Corum guessed what he was thinking. "And why do you seek Tanelorn, Erekose?"

Erekose stared up at the crack of light where the cliffs met. "I have been told that I may find peace there—and wisdom—a means of returning to the world of the Eldren where dwells the woman I love, for it has been said that since Tanelorn exists in all planes at all times it is easier for a man who dwells there to pass between the planes, discover the particular one he seeks. What interest have you in Tanelorn, Lord Elric?"

"I know Tanelorn and I know that you are right to seek it. My mission seems to be the defense of that city upon my own plane—but even now my friends may be destroyed by that which has been brought against them. I pray Corum is right and that in the Vanishing Tower I shall find a means to defeat Theleb K'aarna's beasts and their masters ..."
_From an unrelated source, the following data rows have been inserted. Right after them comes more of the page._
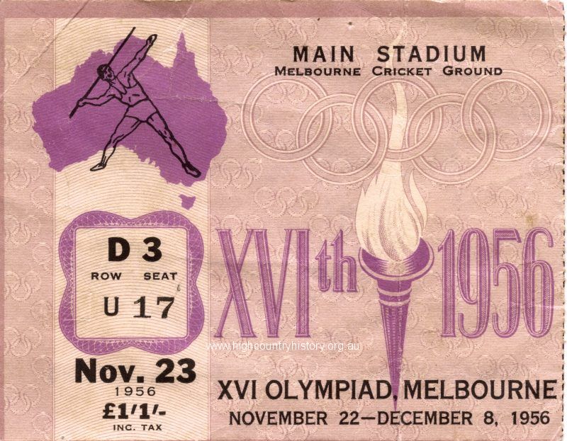 Olympic Games Ticket 1956 Games – XVI Olympiad Melbourne. Main Stadium. Melbourne Cricket Ground. Students from Mansfield Higher Elementary School travelled by train to Melbourne to attend the games. We had to wear our school tunics. It was a very warm spring day and we were all sunburnt.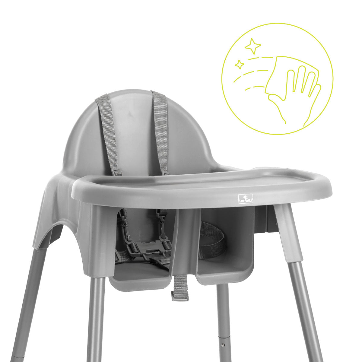 Krzesełko zostało zaprojektowane z myślą o prostym utrzymaniu w czystości. Gładkie powierzchnie i możliwość demontażu tacki sprawiają, że wystarczy chwila, by przywrócić mu świeżość. To ogromna zaleta dla rodziców ceniących sobie wygodę i oszczędność czasu.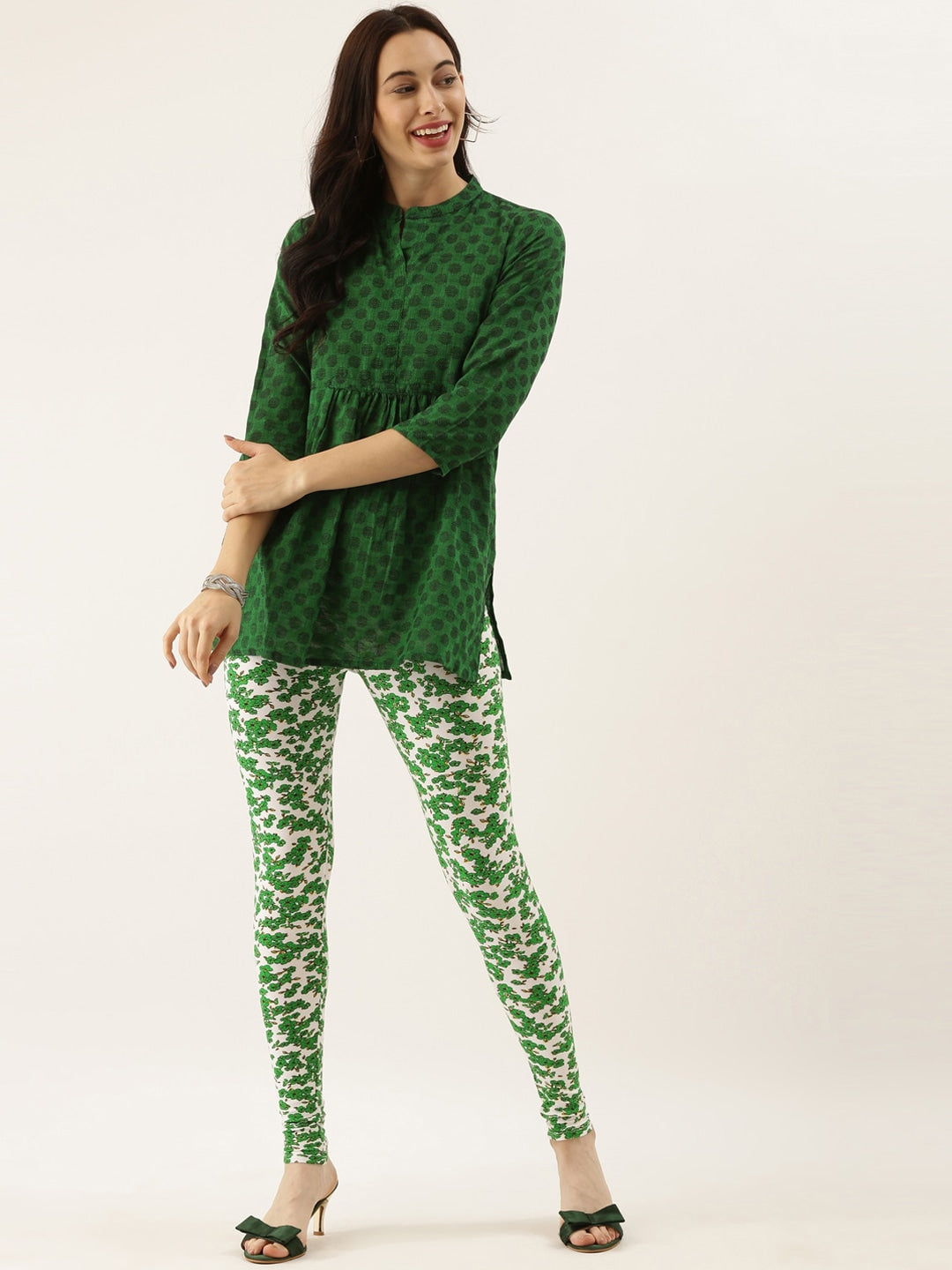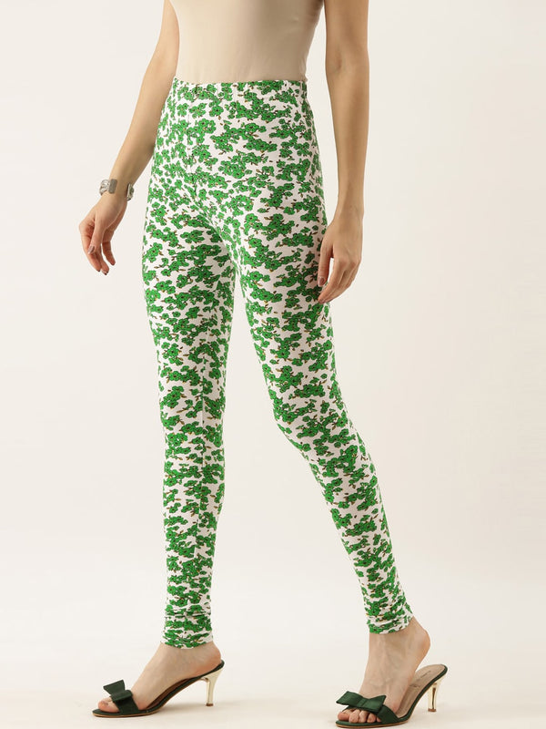 Souchii White & Green Printed Ankle-Length Leggings - Distacart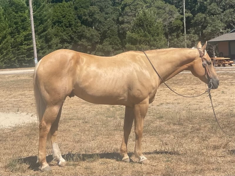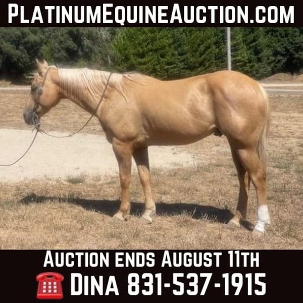 ONLINE AUCTION Place your bids at www.PlatinumEquineAuction.com Starting Bid $3500 Auction ends August 11th, 2024 Need a new saddle? Check out White Rock Saddles on our website or Facebook! Applesauce is a handsome palomino gelding he is a solid built and stout boy standing 15.1 hands and 11 years old. Applesauce is the definition of a true gentleman. He is a trusty steady eddie ride. He is content cruising down any trail and will be the one you can count on to be confident and will to navigating through most any type of terrain. He will go through dense forest, cross rushing rivers, and climb the highest mountains remaining sure footed. Applesauce has been ridden at state parks and is used to hikers, bikers and families walking the trails. He is not bothered with any of it. He has been ridden by timid riders to advanced. He will be patient and gentle will adapt for different levels. Applesauce has seen all the trail obstacles and will willingly accomplish them. Applesauce will calmly walk over the tittering bridge, climb right on the tires, walk over poles and try most any obstacle you can think of. He doesn’t get bothered by the tarp, ball or flying flags. Applesauce will walk trot and lope correct circles and picks up the correct leads and transitions nicely. He has a nice stop and easy back up and is very responsive to cues. He has been out to gather cattle, checking fence and ride through pairs. He is easy to tack up, clip and loves to be groomed he will talk to you when you go out to catch him. He is very friendly and happy to go out with you. This boy would be a great addition to a family that loves a horse with personality. Applesauce is a more whoa then go and very content just moseying along checking out new sights. He will meet you at the gate and is happy to see you. He is the one you can count on for countless adventures and to know he will always be a solid companion. To meet this handsome hunk contact Longhorn Ranch, Dina 831-537-1915 located in Paicines, CA. ONLINE AUCTION Place your bids at www.PlatinumEquineAuction.com Starting Bid $3500 Auction ends August 11th, 2024 Need a new saddle? Check out White Rock Saddles on our website or Facebook!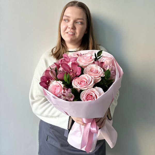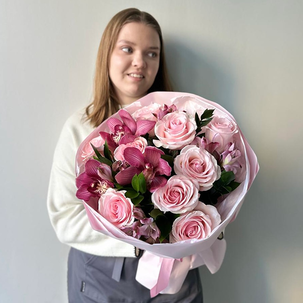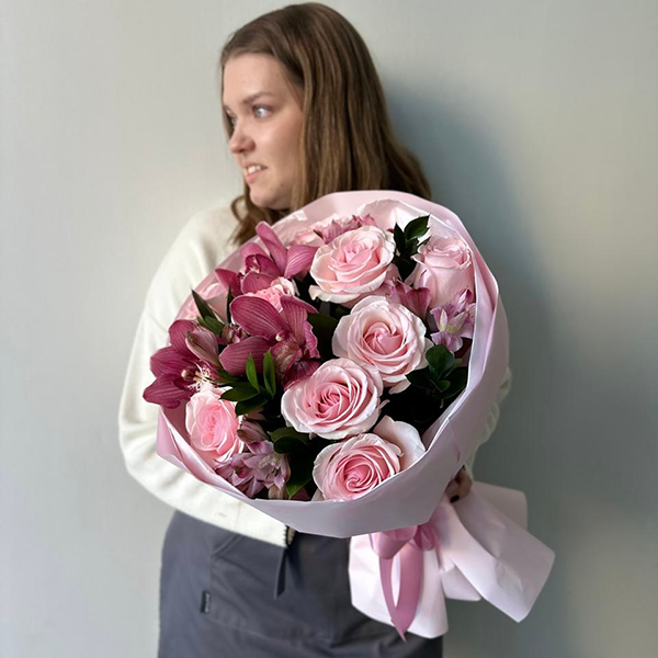 Розовый букет с розами и орхидеями "Мари"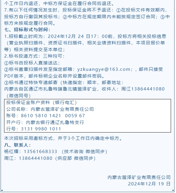 【招標(biāo)公告】螢澤礦業(yè)

Corum raised his jeweled hand to his jeweled eye. "I seek Tanelorn for I have heard the city can aid me in my struggle against Chaos." He said no more of Arkyn's whispered instructions so long ago in the Temple of Law.

"But Tanelorn," Elric told him, "will fight neither Law nor Chaos. That is why she exists for eternity."

Corum had heard as much from Jhary. "Aye," he said.

"Like Erekose I do not seek swords, but wisdom."

When night came the three took turns to stand watch, occasionally conversing, but more often than not merely sitting or standing and staring at the place where the Vanishing Tower might appear.

Corum found his two companions rather heavy company after Jhary and he felt a certain dislike for them, perhaps because they were so much like himself.

But then at dawn, while Erekose nodded and Elric slept soundly, the air shuddered and Corum saw the familiar outlines of Voilodion Ghagnasdiak's tower begin to grow solid.

"It is here!" he shouted. Erekose sprang up at once but Elric was only just stirring. "Hasten Elric!"

Now Elric joined them and he, like Erekose, had his black sword in his hand. The swords were almost brothers—both black, both terrible in aspect, both carved with runes.

Corum was ahead of the others, determined not to be shut out this time. He ran into the dark doorway and was at first blinded, shouting for his friends to join him. "Hasten! 

Hasten!"

Corum ran into a small antechamber and saw that reddish, light illuminated the room, spilling from a great oil lamp which hung in chains from the ceiling. But then the door closed suddenly behind them and Corum knew they were trapped, prayed that they three would be powerful enough to resist the sorcerer. His eyes caught a movement at the slit window in the wall. Darkvale had gone and there was nothing but blue sea where it had been. The tower was already moving. He pointed it out silently to his companions.